Les GHT sont publics. La décision de se réorganiser en GHT appartient à l'hôpital public. En revanche, les GHT ne doivent pas l'emporter sur l'organisation globale territoriale de la santé. Les GHT sont un des acteurs de l'organisation territoriale de la santé ; ils constituent certes un acteur de taille, mais d'autres existent autour d'eux. La tendance a émergé qui consiste, pour les vaccinations, à se concentrer sur les établissements publics. Ainsi, les EHPAD publics bénéficient de la vaccination avant les EHPAD privés ; cela se fait quasiment logiquement. Cela conduit à des inégalités. On confond l'acteur public, qui s'est réorganisé et qui est important, avec l'organisation territoriale de la santé, qui est globale et doit considérer de la même manière tous les acteurs.

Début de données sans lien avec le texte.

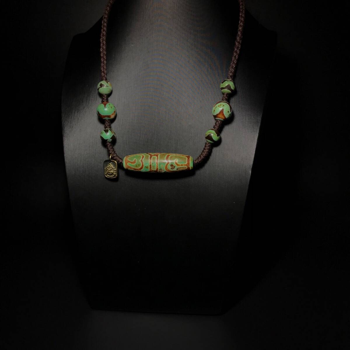 【超珍館蔵】瑪瑙製 細密彫 蓮師法帽天珠鎖骨ネックレス 根付 裝身具 古賞物 古董品 古美術品 時代物 旧家蔵出 稀少珍蔵品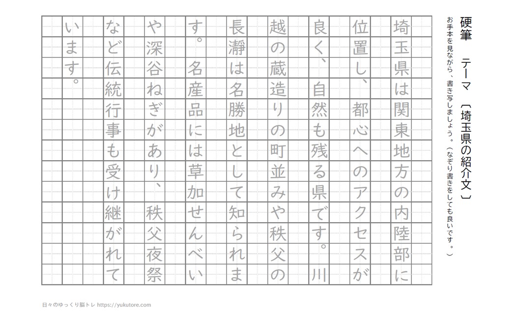 都道府県の紹介文:埼玉県 2026.01.082026.01.13 都道府県の紹介文:埼玉県 ダウンロード・印刷する ≪都道府県の紹介文一覧に戻る 最新の都道府県の紹介文プリント 都道府県の紹介文:埼玉県 2026.01.082026.01.13 都道府県の紹介文:長野県 2026.01.082026.01.13 都道府県の紹介文:山梨県 2025.12.132026.01.13 都道府県の紹介文:群馬県 2025.12.132026.01.13 都道府県の紹介文:栃木県 2025.11.282026.01.13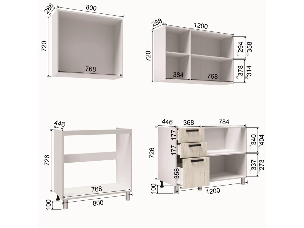 - Высота верхних шкафов, мм 720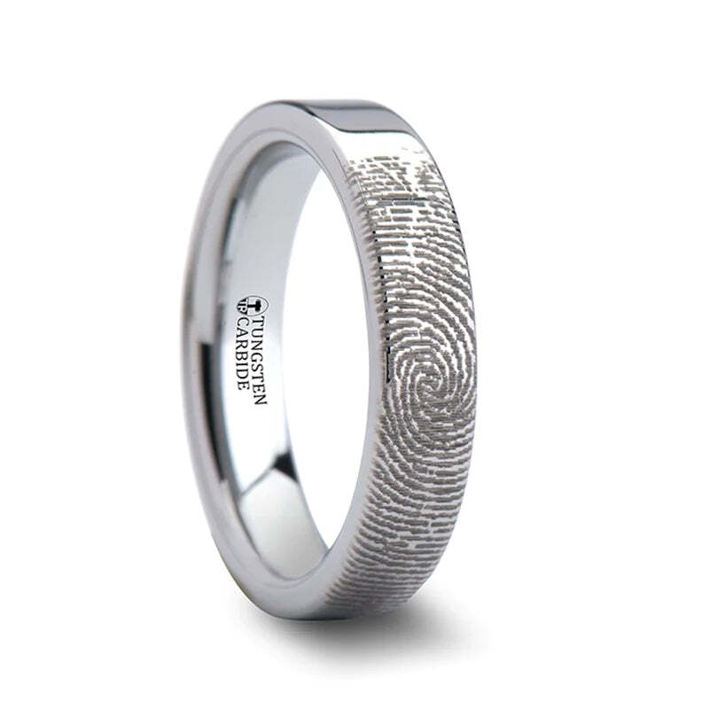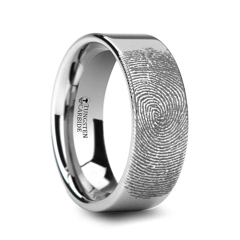 Custom Fingerprint Engraved Tungsten Women's Ring

Je répondrai à vos questions sur la prise en charge des décès. Je peux en parler malheureusement très directement car mon père est décédé du covid en EHPAD au début du mois d'avril, juste après que le décret du 1er avril eut instauré les mesures draconiennes sur la mise en bière. Étant médecin moi-même, j'ai eu la possibilité d'accompagner mon père jusqu'à son dernier souffle. À partir du moment où il est mort, j'ai dû sortir et cela a été une mise en bière rapide et brutale. Elle a été très bien faite par les acteurs d'un EHPAD très humain et très empathique. Il n'empêche, la mesure en elle-même a été très violente – et pourtant, j'en étais averti. Je me mets à la place des familles qui n'ont pas eu l'avertissement dont je disposais, ni la possibilité d'accompagner leurs proches avant le décès. J'essaye de comprendre cette décision car on ne connaissait pas, au début de la crise, l'impact de ce virus ; on avait donc besoin de décisions nationales. J'en reviens à la nécessité de permettre aux directeurs, en lien avec les familles, de prendre les bonnes décisions et de les adapter à leurs configurations propres. La normativité descendante est catastrophique.

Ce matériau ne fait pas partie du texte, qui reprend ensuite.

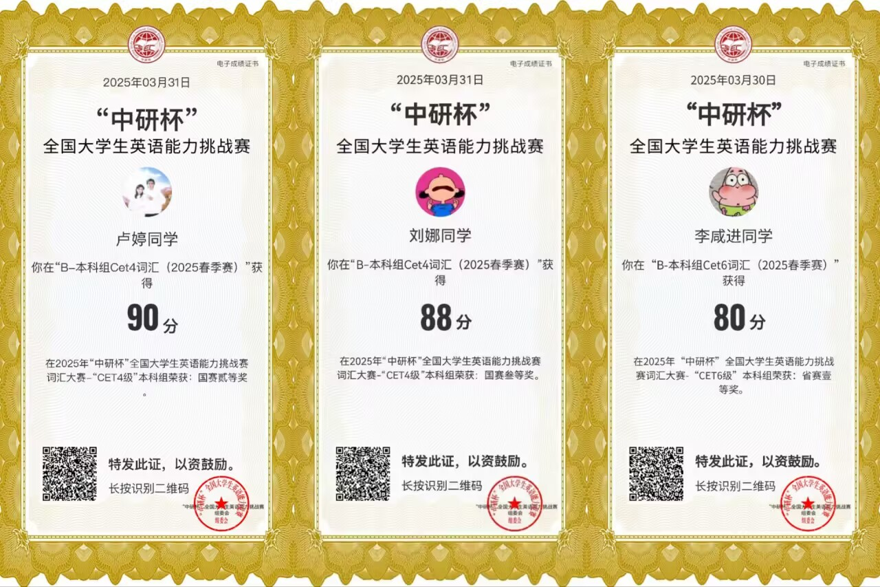 公司其他参赛选手亦表现不俗,取得了傲人成绩:唐雨欣、卢婷获本科组CET4词汇竞赛国赛二等奖;刘娜获本科组CET4词汇竞赛国赛三等奖;蹇小鱼、李咸进获本科组CET6词汇竞赛省赛一等奖,这些成绩充分展现了mk体育员工扎实的英语词汇功底、出色的语言应用能力,以及在新兴网络竞赛中的强大适应力与竞争力。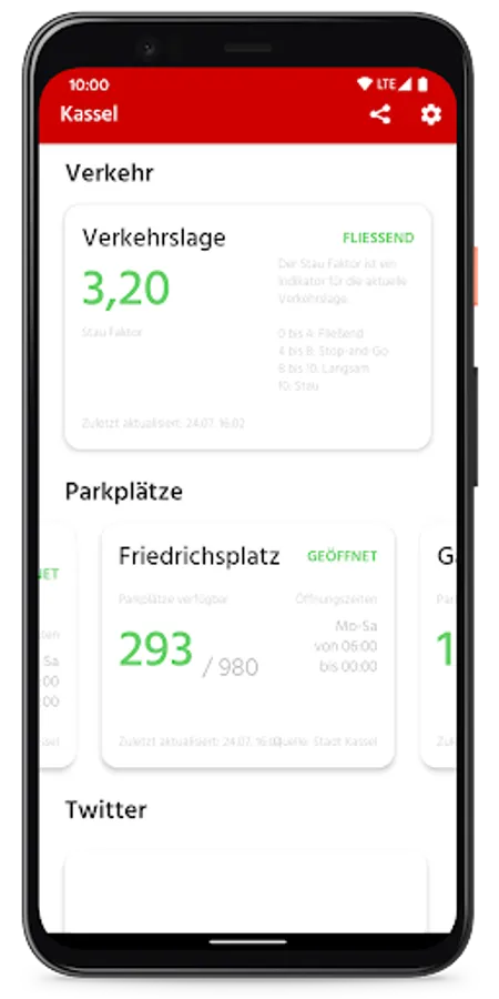 With the Smart City App for Kassel you can display current data for the city of Kassel.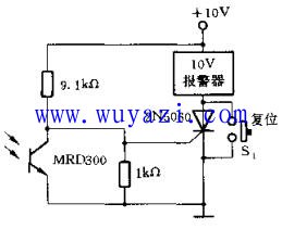 下圖是用晶閘管作驅(qū)動(dòng)器的光控報(bào)警器。在有光照時(shí),光敏三極管導(dǎo)通,晶閘管因門極為低電平而呈關(guān)斷狀態(tài),報(bào)警器不響。當(dāng)光披遮斷時(shí),光敏三極管截止,輸出高電平使晶閘管導(dǎo)通,報(bào)警器嘯叫。為使報(bào)警器停止嘯叫,可將S瞬時(shí)閉合,使晶閘管截止。

Je reviens à l'éthique. La démocratie sanitaire a disparu en début de crise. Des décisions très descendantes et très brutales ont été prises. Le dialogue avec les personnes et les familles a été coupé. Cela a entraîné une sidération, contre laquelle les personnes et les familles ne se sont pas révoltées au début. Cette sidération est désormais levée. Les personnes et les familles exigent que cette démocratie sanitaire soit rétablie. Elles exigent que, lorsque des mesures de confinement sont décidées, celles-ci puissent être discutées. Elles exigent qu'un dialogue puisse avoir lieu sur les modalités d'accompagnement et de soin des personnes, qui ne peuvent pas être normées du niveau national, mais doivent être adaptées localement.